Culture

Le Carnet de lecture de Marie-Laure de Bello-Portu et Armand Cohen, Opera a Palazzo

Auteur : Olivier Olgan
Article publié le 29 octobre
2021

Plus que trois représentations de La Traviata (2, 3 et 16 décembre) par la troupe d’Opera a Palazzo à la Fondation Dosnes-Thiers, spectacle dont Singulars a rendu compte dés juin à la sortie du cloisonnement. Depuis toutes les promesses d’une plongée immersive dans l’univers de l’opéra (public restreint et en tenue de soirée, diner par un chef étoilé) sont tenues. A l’issue de cette première saison, Marie-Laure de Bello-Portu et Armand Cohen, les fondateurs fous d’Opera a Palazzo nous confient leur expérience et leur carnet de lecture.  

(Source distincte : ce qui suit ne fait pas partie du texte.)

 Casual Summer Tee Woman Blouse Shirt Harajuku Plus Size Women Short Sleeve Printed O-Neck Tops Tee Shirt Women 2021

Ils le reconnaissent volontiers, il fallait être fous pour lancer l’ ambition de l’opéra immersif – le mélomane est à quelques mètres des chanteurs, dans un cadre qui rappelle l’intrigue – quelques jours après la sortie du deuxième confinement. 6 mois plus tard, cette promesse musicale accompagnée du luxe délicat d’une réception préparée par un chef étoilé et avec les chanteurs a trouvé son public. Les deux fondus d’Opéra nous en disent plus, reconnaissant que ‘cette nouvelle production est sans doute le projet professionnel qui nous apporte le plus de satisfaction par sa dimension humaine et artistique’.

Plus que trois représentations de La Traviata (2, 3 et 16 décembre) en 2021, quels enseignements tirez-vous de cette première saison tant bousculée par le COVID et y en aura-t-il une autre ?

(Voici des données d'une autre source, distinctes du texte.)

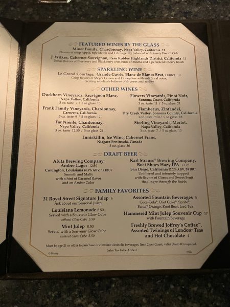 The main menu has remained mostly the same since we last stopped by to eat here. The only newer addition is the Hearts of Palm Escabeche under the “Introductions” (a.k.a. appetizer) section and the dessert selections are a bit more limited. Entree-wise, there aren’t any notable changes and you can still find things like the Chicken Gumbo and the famous Disneyland Monte Cristo.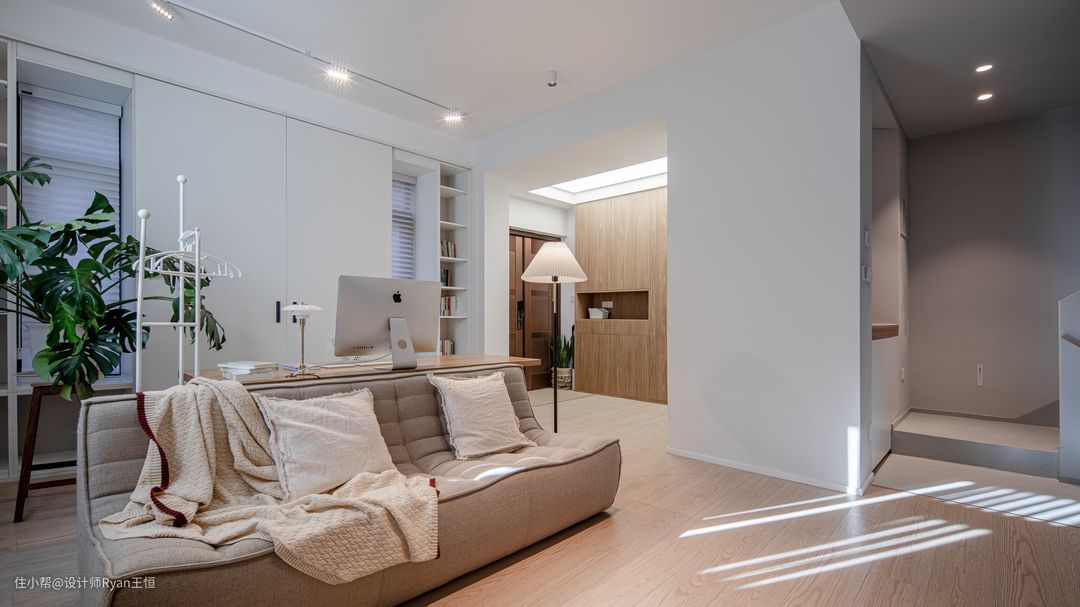 1、玄关顶部借用软膜天花开一扇「天窗」,模拟自然光一扫昏暗与压抑感;并且从视觉上拉伸层高,空间更显开阔敞亮。 2、男主人每天需要在家直播,白色书柜可作为背景板,简约又实用。 3、上方射灯增加空间的辅助照明,再搭配落地灯补充空间中层照明,满足男主人晚上直播时的灯光需求。

L’année a été effectivement très bousculée : reports de répétitions pour cause de COVID de la metteuse en scène qui est restée bloquée en Italie, reports successifs de la date de la première liés aux horaires du couvre-feu, jauge limitée et distanciation dans des espaces réduits, attentisme du public pour retourner dans les salles depuis la rentrée, etc.

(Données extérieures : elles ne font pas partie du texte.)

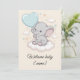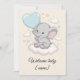 No hay una manera más dulce de decir 'Bienvenido bebé' que con esta adorable tarjeta de baby shower. Un pequeño elefante lindo se sienta en una nube esponjosa, sosteniendo un globo azul en forma de corazón, rodeado de estrellas pastel — la mezcla perfecta de suave y acogedor. Personalízala con el nombre del bebé para hacerla aún más especial. Ideal para un baby shower de niño, como recuerdo, o simplemente para agregar un poco más de amor a tu regalo.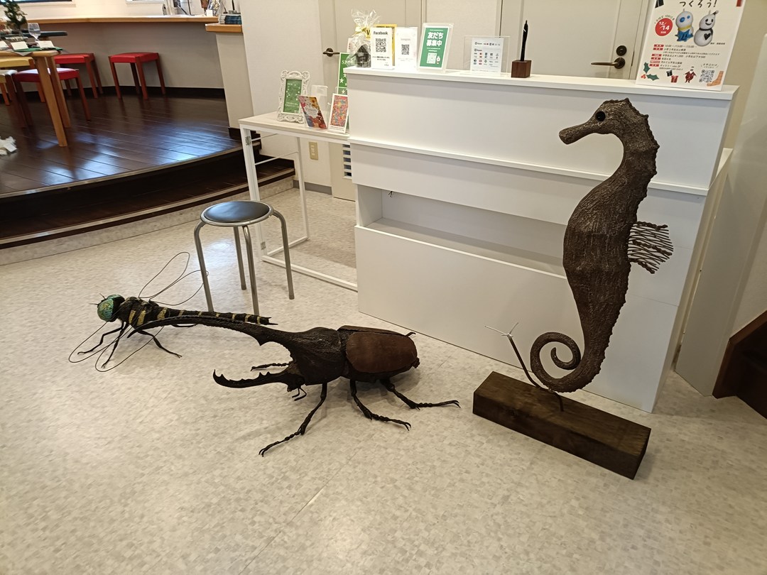 この、カブトムシ、トンボ、タツノオトシゴを作られた、Mさんは、↓

Le Carnet de lecture de Armand Cohen et Marie-Laure de Bello-Portu, fondateurs d’ Opera a Palazzo devant la Fondation Dosnes-Thiers

Malgré tout le premier enseignement que nous tirons de cette saison est que ce format d’opéra est plébiscité :

  • par les convives, qu’ils soient amateurs d’opéra ou non. Tous nous ont dit vivre des émotions qu’ils n’avaient jamais ressenties,
  • par les artistes qui sont ravis de retrouver un esprit de troupe et d’avoir la possibilité de se produire régulièrement dans une œuvre aussi exceptionnelle que La Traviata de Verdi.

Il n’y a donc pour nous aucun doute qu’il faut poursuivre cette aventure même si elle est compliquée à équilibrer financièrement à court terme à cause de la pandémie et de l’absence significative de touristes. Des soirées privatisées par des entreprises, des cabinets de conseils, des associations ou des clubs qui souhaitent offrir à leurs collaborateurs, leurs clients ou leurs membres une expérience unique en France, nous permettent de compenser en partie les coûts de lancement.
Nous avons donc de nouvelles dates pour les trois premiers mois de 2022. Elles figurent en annexe.

La promesse très élitiste (public restreint à 40 personnes, immergées à côté des artistes, et cocktail avec un chef étoilé dans les jardins de la Fondation Dosne-Thiers) peut-elle évoluer pour permettre de démocratiser l’opéra ?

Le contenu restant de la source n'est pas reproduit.